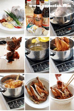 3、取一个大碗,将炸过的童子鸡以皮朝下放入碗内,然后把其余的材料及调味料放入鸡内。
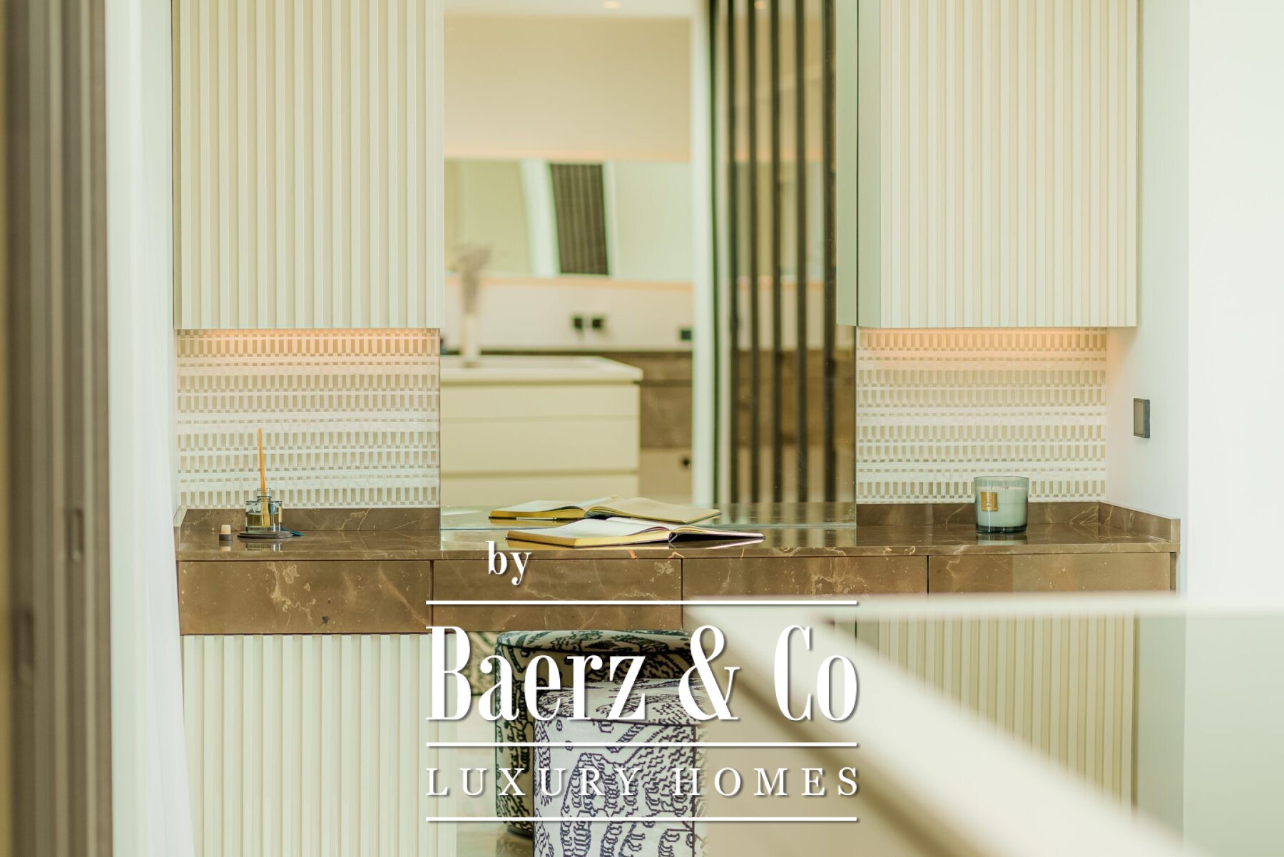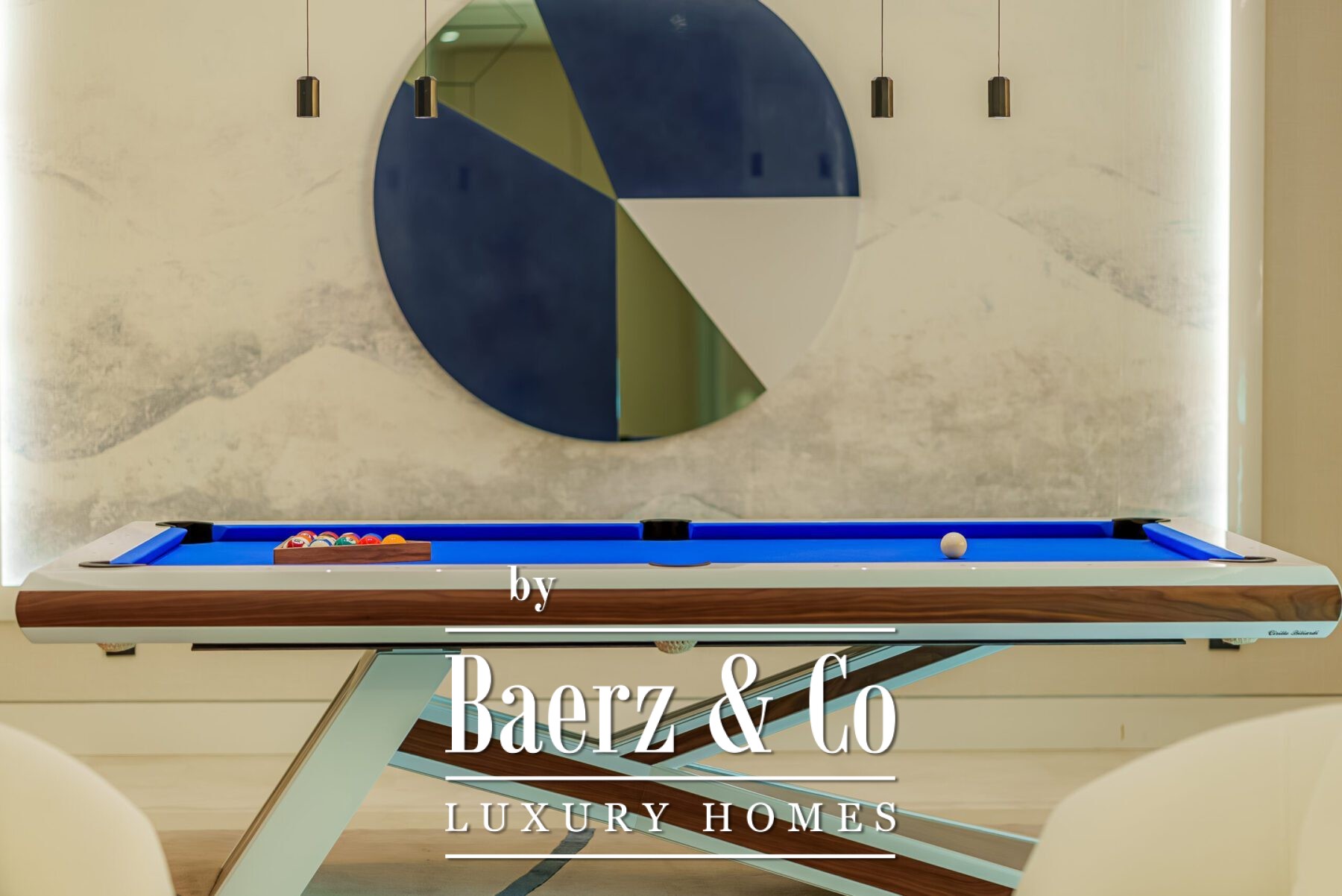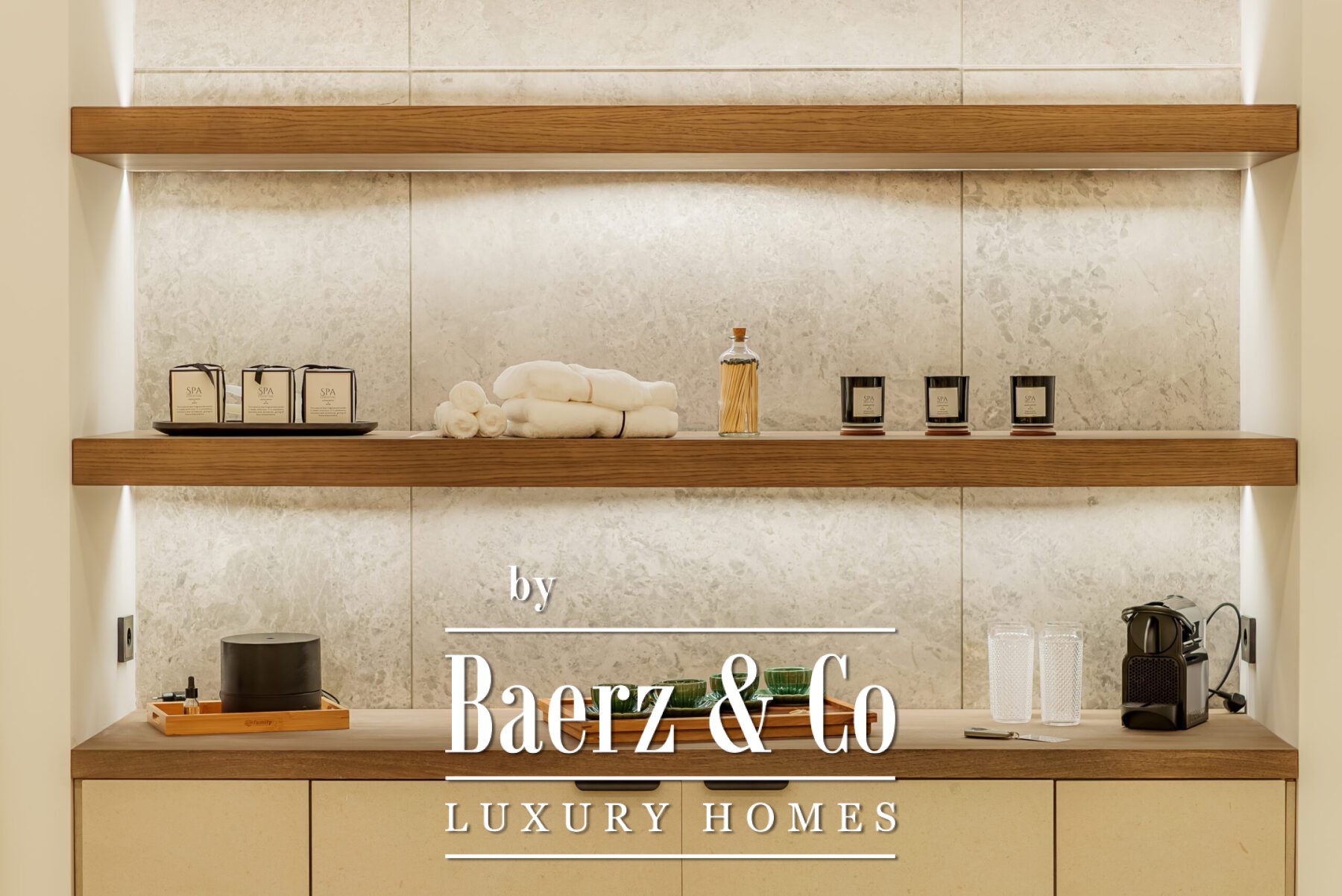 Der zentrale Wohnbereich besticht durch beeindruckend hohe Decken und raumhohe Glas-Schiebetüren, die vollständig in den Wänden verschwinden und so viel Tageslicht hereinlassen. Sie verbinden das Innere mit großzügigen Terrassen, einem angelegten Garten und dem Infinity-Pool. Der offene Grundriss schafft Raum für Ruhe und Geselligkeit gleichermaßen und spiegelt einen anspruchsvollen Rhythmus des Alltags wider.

# # # #

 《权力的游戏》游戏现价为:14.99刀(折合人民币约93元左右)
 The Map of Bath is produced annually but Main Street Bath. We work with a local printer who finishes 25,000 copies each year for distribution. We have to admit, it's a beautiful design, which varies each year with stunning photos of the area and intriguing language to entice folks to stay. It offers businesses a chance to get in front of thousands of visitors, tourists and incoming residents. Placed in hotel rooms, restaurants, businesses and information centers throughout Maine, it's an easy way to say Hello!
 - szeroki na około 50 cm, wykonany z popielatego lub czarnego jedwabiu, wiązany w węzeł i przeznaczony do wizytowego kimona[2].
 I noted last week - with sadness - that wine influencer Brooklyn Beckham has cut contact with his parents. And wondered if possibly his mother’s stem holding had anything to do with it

# # # #

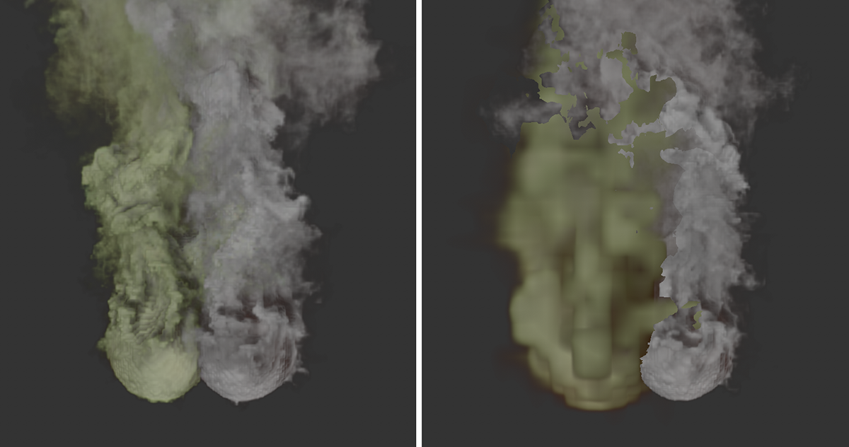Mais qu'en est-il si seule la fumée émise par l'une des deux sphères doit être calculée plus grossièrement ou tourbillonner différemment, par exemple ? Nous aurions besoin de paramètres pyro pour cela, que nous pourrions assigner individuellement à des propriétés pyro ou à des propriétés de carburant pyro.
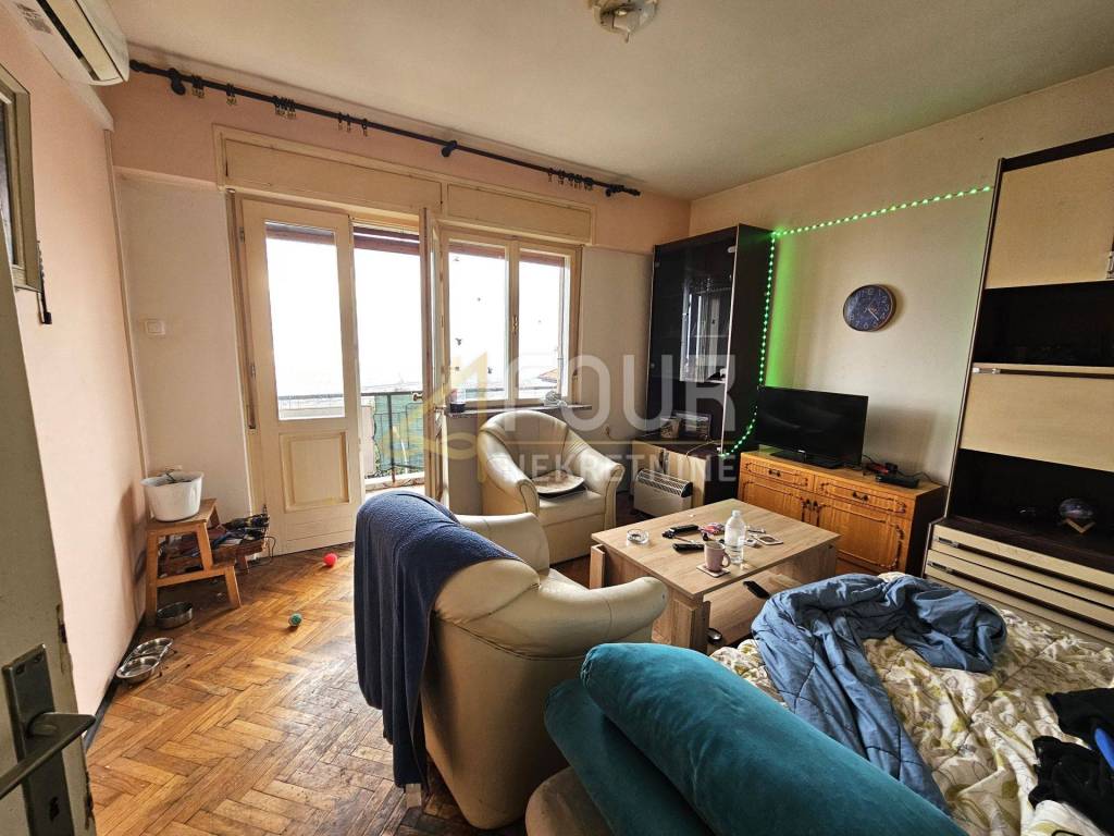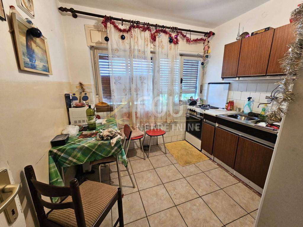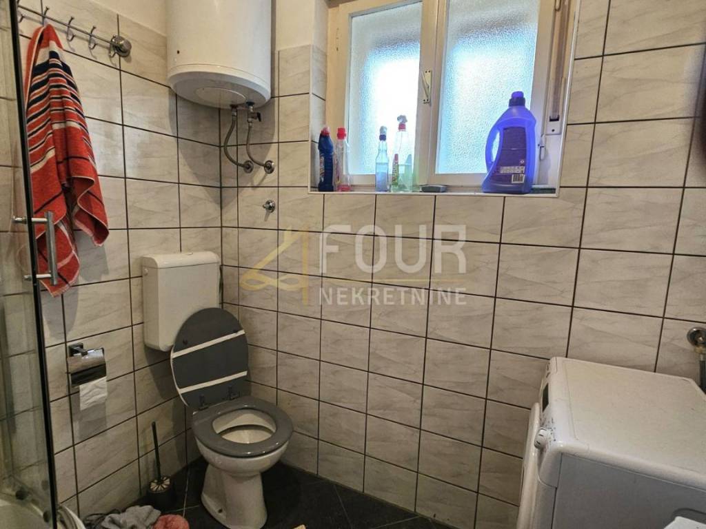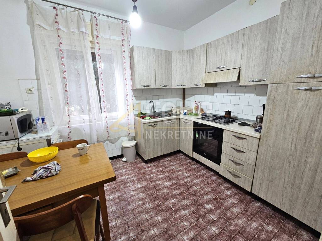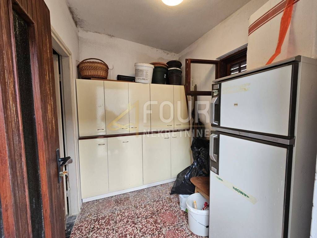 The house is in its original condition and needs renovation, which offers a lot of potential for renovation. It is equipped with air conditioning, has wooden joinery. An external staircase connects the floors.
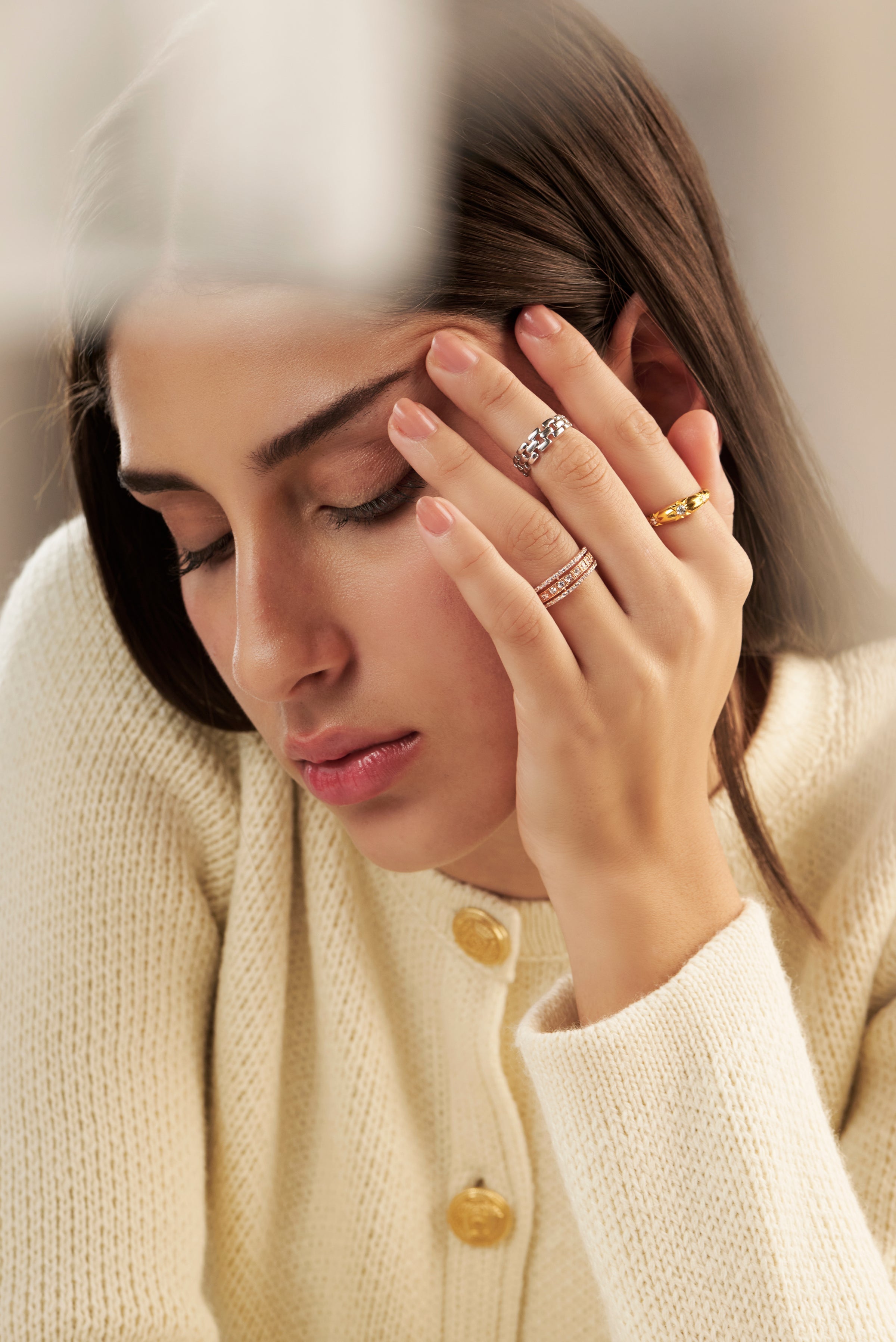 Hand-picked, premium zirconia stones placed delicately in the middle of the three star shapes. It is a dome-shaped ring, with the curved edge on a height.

# # # #

In the entries above, one line contains "- szeroki na" and another contains "I noted last". Reproduce exactly those two lines and the lines between them, nothing else.

> _Written response_:
 - szeroki na około 50 cm, wykonany z popielatego lub czarnego jedwabiu, wiązany w węzeł i przeznaczony do wizytowego kimona[2].
 I noted last week - with sadness - that wine influencer Brooklyn Beckham has cut contact with his parents. And wondered if possibly his mother’s stem holding had anything to do with it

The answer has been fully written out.